Tangannya yang menyentuh pipi Ava bergerak ke belakang, jari-jarinya tenggelam dalam rambutnya yang halus, menahan kepala itu di tempatnya, bukan dengan paksaan, tetapi dengan sebuah kekuatan yang meyakinkan.
Ava akhirnya membalas ciumannya. Tangannya, yang sebelumnya diam saja, kini naik dan meraih lengan Devon, mencengkeram lengannya yang berotot seolah mencari penahan di tengah badai emosi yang menerpa mereka.
Dia membuka mulutnya sedikit, sebuah undangan yang lebih dalam lagi, dan Devon menerimanya dengan sukacita yang terasa di seluruh tubuhnya.
Kini dunia mereka terisi oleh suara desahan napas mereka yang saling bertautan.
Ciuman itu bukanlah ciuman yang penuh nafsu dan terburu-buru.
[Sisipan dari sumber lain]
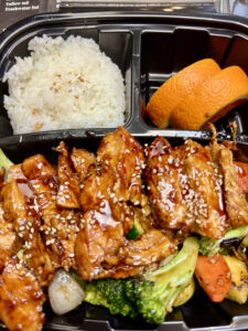 Grilled chicken glazed with a sweet and savory teriyaki sauce on steamed rice

Itu adalah sebuah percakapan tanpa kata.
Devon merasakan dadanya semakin bergermuruh. Ini adalah Ava. Ava. Perempuan yang selalu dia cari.
Perempuan yang, tanpa disadarinya, telah menjadi patok yang menancap begitu dalam di hatinya, hingga jika mencabutnya akan membuatnya berdarah-darah dan begitu sakit.
Dan kini Ava ada di pelukannya, membalas ciumannya dengan rasa yang sama, seolah dia juga telah menunggu sepanjang hidupnya untuk momen ini.
Hingga akhirnya bibir mereka berpisah. Napas mereka tersengal-sengal, kening mereka masih saling bersandar, mata mereka pun masih terpejam.
Devon membuka matanya terlebih dulu. Pipi Ava memerah, bibirnya bengkak dan basah karena ciuman mereka.
"Ava …,” bisik Devon.
Ava membuka matanya. Ada tatapan mata yang hangat meskipun masih sedikit bingung, tetapi dia tersenyum. Sebuah senyum kecil dan penuh dengan banyak makna.
"Hmm …," balasnya, suaranya serak.
"Kau adalah segalanya bagiku. I think … i love you,” lirih Devon dengan berkata jujur tentang perasaannya.
Mata indah wanita itu mencari kesungguhan pada ekspresi Devon. Mereka berdiam lagi dalam keheningan, dan kemudian Devon kembali memeluknya seakan takut jika Ava menjauh.